Data for analysis:
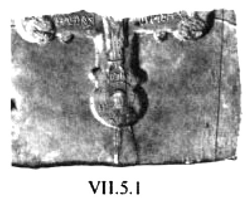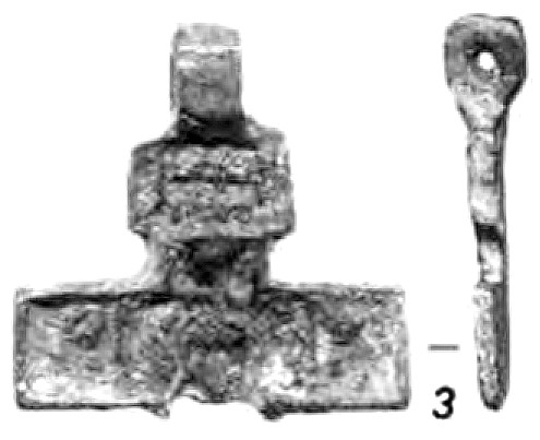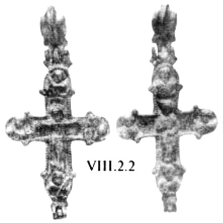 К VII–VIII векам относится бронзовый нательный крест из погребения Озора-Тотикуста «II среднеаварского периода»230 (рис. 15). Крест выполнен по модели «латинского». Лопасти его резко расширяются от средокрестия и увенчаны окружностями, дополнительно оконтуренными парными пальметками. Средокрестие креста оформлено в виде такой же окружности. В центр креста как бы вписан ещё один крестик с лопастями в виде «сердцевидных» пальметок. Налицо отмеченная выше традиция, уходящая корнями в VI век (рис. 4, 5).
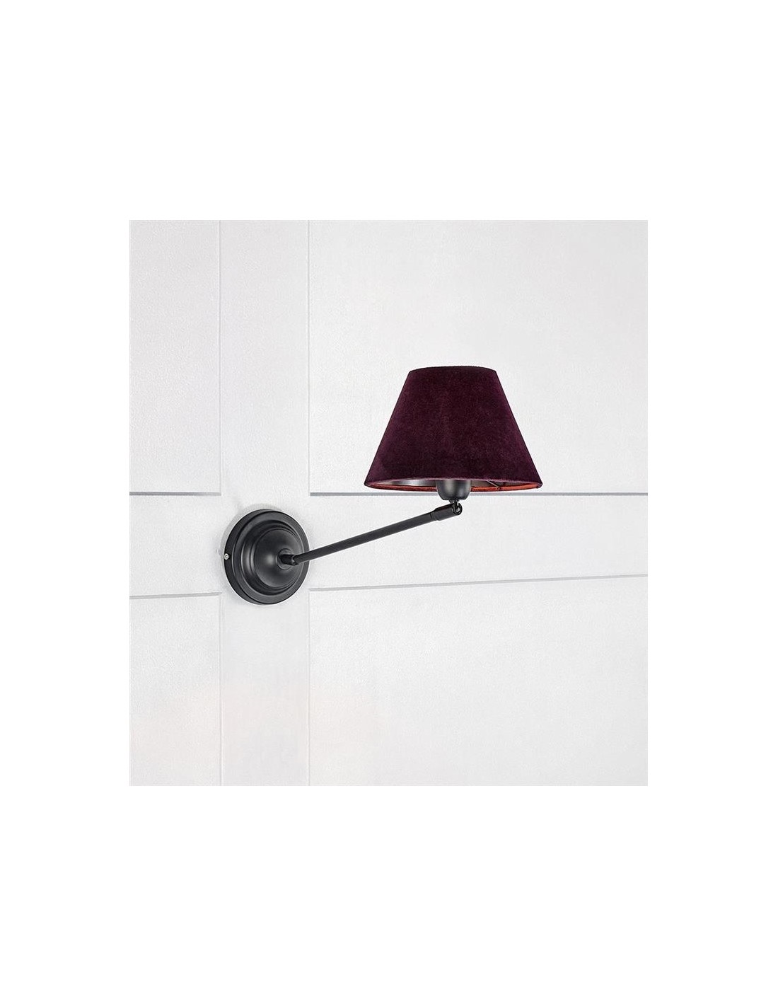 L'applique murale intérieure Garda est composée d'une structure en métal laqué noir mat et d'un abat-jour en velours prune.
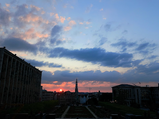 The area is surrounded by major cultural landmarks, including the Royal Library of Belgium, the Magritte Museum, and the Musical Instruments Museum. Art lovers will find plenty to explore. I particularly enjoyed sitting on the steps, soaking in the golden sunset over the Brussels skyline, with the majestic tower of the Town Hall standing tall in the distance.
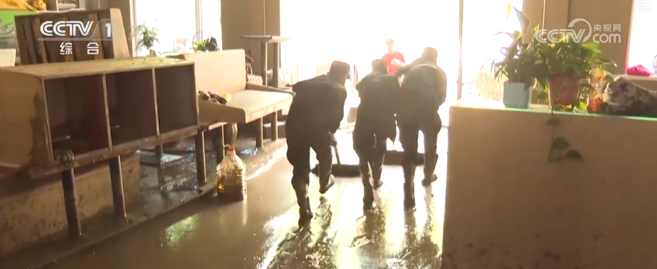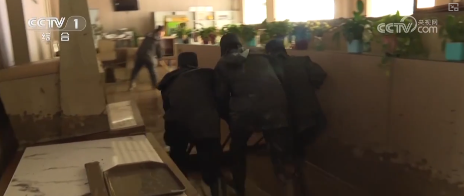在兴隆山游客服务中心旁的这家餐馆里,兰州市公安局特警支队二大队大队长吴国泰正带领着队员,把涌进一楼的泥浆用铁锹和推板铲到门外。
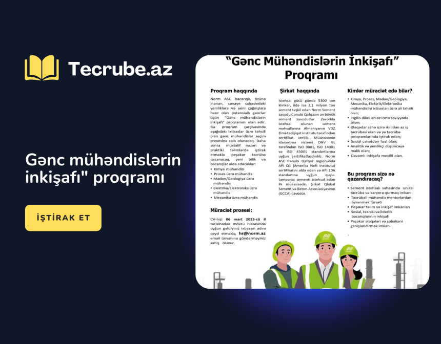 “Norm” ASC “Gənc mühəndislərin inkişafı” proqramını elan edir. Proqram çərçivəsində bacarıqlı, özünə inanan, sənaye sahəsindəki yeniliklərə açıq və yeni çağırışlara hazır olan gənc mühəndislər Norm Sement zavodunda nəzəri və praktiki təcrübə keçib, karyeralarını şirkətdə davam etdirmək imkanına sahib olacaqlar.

Action item: Go back to the line that contains "在兴隆山游客服务中心旁的这家" and copy it, along with each line after it through the end of the listing above, exactly and without pictures.

Answer section:
在兴隆山游客服务中心旁的这家餐馆里,兰州市公安局特警支队二大队大队长吴国泰正带领着队员,把涌进一楼的泥浆用铁锹和推板铲到门外。
 “Norm” ASC “Gənc mühəndislərin inkişafı” proqramını elan edir. Proqram çərçivəsində bacarıqlı, özünə inanan, sənaye sahəsindəki yeniliklərə açıq və yeni çağırışlara hazır olan gənc mühəndislər Norm Sement zavodunda nəzəri və praktiki təcrübə keçib, karyeralarını şirkətdə davam etdirmək imkanına sahib olacaqlar.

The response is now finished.